▸ **Task details**:
Copy, word for word, each line of the data below from the first through the line containing "This sequence strengthens", and stop there.

Recorded data:
--- START ---

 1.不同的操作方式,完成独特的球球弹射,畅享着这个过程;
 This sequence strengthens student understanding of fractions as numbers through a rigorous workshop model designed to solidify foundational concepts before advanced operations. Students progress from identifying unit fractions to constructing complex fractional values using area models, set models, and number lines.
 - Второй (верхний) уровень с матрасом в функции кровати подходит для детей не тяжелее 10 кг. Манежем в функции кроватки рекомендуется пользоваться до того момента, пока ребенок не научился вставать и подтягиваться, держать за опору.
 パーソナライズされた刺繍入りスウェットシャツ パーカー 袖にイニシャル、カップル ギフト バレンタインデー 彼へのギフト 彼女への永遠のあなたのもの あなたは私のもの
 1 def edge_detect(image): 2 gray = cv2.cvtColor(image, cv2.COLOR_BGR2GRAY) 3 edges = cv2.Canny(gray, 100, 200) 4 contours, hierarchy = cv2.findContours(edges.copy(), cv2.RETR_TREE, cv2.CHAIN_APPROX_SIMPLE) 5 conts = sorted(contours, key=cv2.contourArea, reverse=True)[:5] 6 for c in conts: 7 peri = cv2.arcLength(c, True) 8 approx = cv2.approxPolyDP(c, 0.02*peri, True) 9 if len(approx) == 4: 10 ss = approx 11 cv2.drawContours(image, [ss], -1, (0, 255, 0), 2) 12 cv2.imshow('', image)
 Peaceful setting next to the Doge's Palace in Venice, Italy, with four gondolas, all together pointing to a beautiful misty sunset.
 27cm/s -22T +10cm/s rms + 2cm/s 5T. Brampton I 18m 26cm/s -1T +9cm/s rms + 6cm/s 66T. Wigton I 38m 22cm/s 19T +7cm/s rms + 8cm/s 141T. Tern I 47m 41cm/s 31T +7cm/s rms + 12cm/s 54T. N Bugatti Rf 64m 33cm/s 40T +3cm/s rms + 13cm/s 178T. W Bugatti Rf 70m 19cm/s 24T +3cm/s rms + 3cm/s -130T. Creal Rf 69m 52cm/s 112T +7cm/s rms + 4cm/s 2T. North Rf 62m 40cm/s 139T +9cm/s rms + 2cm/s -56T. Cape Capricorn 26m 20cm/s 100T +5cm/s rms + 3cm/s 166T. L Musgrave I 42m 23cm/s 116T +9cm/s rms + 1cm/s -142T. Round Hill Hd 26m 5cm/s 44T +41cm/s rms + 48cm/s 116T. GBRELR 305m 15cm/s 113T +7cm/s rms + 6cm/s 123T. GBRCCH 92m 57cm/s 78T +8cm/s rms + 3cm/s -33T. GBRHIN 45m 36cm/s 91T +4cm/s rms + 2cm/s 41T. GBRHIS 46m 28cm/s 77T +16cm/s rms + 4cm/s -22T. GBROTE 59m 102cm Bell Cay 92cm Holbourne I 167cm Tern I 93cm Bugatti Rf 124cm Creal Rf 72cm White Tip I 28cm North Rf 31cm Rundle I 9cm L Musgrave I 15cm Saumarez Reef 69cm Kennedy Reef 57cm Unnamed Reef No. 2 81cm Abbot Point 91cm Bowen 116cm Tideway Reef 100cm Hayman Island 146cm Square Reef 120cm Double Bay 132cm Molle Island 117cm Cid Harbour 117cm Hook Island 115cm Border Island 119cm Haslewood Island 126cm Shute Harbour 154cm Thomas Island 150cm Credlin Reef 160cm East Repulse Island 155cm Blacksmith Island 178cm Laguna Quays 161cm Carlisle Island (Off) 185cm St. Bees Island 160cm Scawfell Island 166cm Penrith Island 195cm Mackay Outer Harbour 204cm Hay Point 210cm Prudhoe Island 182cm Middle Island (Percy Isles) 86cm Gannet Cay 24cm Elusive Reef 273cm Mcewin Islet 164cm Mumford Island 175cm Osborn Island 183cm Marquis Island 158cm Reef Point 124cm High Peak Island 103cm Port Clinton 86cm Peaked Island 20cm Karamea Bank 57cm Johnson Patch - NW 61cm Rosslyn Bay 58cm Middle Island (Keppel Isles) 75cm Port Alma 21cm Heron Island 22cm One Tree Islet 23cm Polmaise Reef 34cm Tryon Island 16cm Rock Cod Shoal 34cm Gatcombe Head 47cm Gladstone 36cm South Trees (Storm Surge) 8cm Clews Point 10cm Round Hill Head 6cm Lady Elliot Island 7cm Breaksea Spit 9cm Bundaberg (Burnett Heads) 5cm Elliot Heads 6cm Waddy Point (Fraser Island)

--- END ---

▸ **Written solution**:
 1.不同的操作方式,完成独特的球球弹射,畅享着这个过程;
 This sequence strengthens student understanding of fractions as numbers through a rigorous workshop model designed to solidify foundational concepts before advanced operations. Students progress from identifying unit fractions to constructing complex fractional values using area models, set models, and number lines.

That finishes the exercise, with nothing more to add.